Ему было всего сорок два года. Задумчиво и рассеянно он глядел в угол, как будто бы пытаясь вспомнить, о чем только что говорил, шамкал губами и на всякий случай записывал имена своих знакомых. Не только записывал, но даже зарисовывал. У него была большая записная книжка в мягком кожаном переплете, в которой были довольно ловко набросанные портреты всех его друзей и соседей, а внизу были написаны их имена и фамилии, дни рождения и именины, титулы, разумеется, а также важнейшие происшествия в жизни этих людей, о которых папе становилось известно. Например, умерла тетка такого-то числа, такого-то года; сын поступил в юнкерское училище; брат подал иск в суд, выиграл или проиграл, и все такое прочее. Чтобы знать, о чем с человеком поговорить, чтобы не ляпнуть что-нибудь неподобающе бестактное и вообще, чтобы изобразить человека, который искренне интересуется чужой жизнью. Надобно сказать, что папе это не помогало. Наверно, у него на самом деле память была недостаточно хорошая, чтоб запомнить кучу всех этих мелочей наизусть. А может быть, так: доверив эти сведения бумаге, он ослаблял подпруги своей памяти или они ослабевали сами собой, не знаю. Но, короче говоря, когда папа держал в руке свою тетрадку и, подглядывая в нее, осведомлялся: «Как поживает ваша супруга и хорошо ли она себя чувствует после перенесенной два месяца назад операции?» или «Расцвел ли барбарис на могиле вашего дядюшки?» – это выглядело довольно смешно.

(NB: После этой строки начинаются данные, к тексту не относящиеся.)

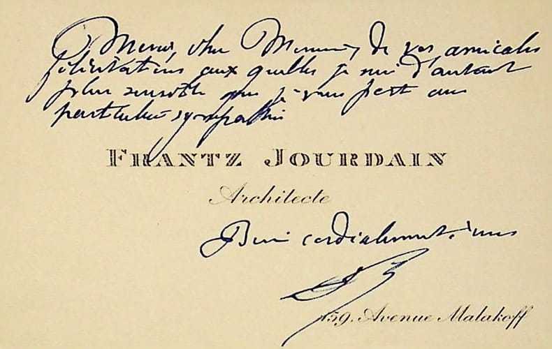 Frantz Jourdain (1847-1935), architecte, écrivain, belge naturalisé français. C.A.S., sd, 4 lignes. « Merci, cher monsieur, de vos amicales félicitations auxquelles je suis d'autant plus sensible que je vous porte une particulière sympathie. Bien cordialement à vous. FJ ». [418]

Если бы это был не мой папа, а какой-нибудь другой человек, не такой богатый и не столь знатный, то его обозвали бы в лучшем случае чудаком, а в худшем случае невежей, наглецом, хамом. Эти вопросы восприняли бы как нарочитое издевательство, особенно когда папа пролистывал записную книжку, глядя на изображение своих знакомых и как бы пытаясь сличить стоящего перед ним человека с портретом. «Клоунада на грани оскорбления!» – сказали бы про кого-нибудь другого.

Но папа был слишком богат и знатен, чтобы на него обижались. Тем более что у него всегда можно было попросить в долг. Деньгами, кстати говоря, папа давать не любил. Он, хотя и был человеком высокого образования и утонченных манер, хотя проводил почти полгода в городе – в Штефанбурге, как и мы все вместе с ним, – но при этом считал себя человеком земли, помещиком, аграрием, землевладельцем и даже земледельцем. Крестьянином с очень, очень, очень большой буквы, как он не раз говаривал, дословно повторяя дедушку, – и поэтому деньги он презирал как нечто буржуазное, мещанское, мелочное. Хотя, конечно, на самом деле деньгами никогда не брезговал и иногда проворачивал очень выгодные закладные сделки. Тем не менее в разговорах с соседями на лице его была написана старинная помещичья брезгливость к деньгам, а также безмерное уважение к натуральному продукту. Он мерил свой успех десятинами вспаханной земли, корзинами собранного винограда, снопами, закромами, овцами, телятами и всем таким прочим. Конечно, это была игра. Я это поняла очень давно. Не поняла, а скорее почувствовала, увидев, как он запинается и путается в единицах измерения, когда вспаханную землю меряет то в десятинах, то в гектарах, то в акрах, а то, неизвестно почему, во французских арпанах или древнеримских актусах.

Но соседи принимали эту игру.

Еще бы не принять! Принятие этой игры сулило выгоды. Вот они и просили у моего папы до следующего урожая или до озимой запашки – слова говорились самые безумные и неуместные, – просили у него в долг сотню корзин винограда или, к примеру, десяток быков. Он охотно одалживал, а должники тут же превращали это дело в деньги. Причем, сдается мне, не слишком маялись продажей этих быков на базаре, а с ходу договаривались вот прямо на том же заднем дворе, на который я сейчас смотрела, взобравшись ногами с голыми пятками на холодную кожу дивана, – смотрела через окно. Вот прямо там договаривались с управляющим, показывали ему записку от папы, а уж тут управляющий отсчитывал соответственное количество крон. А с быками или с этими буколическими корзинами винограда управляющий как-то справлялся сам. Скотины, зерна и фруктов было так много, и ревизии проходили так редко, а если честно, то на моей памяти не проходили никогда, может быть, один только раз еще при дедушкиной жизни.

Я помню, это был страшный скандал.

Дедушка велел высечь кнутом управляющего, и его высекли, а моя мама (они с папой тогда еще жили вместе) кричала: «Но это же скандал, скандал!» А дедушка смеялся и говорил: «А хочешь, я его повешу? И помощника его повешу? И старшего счетовода повешу? Человек пять повешу, как русский царь Николай пятерых мятежников повесил, а его за это только крепче любили».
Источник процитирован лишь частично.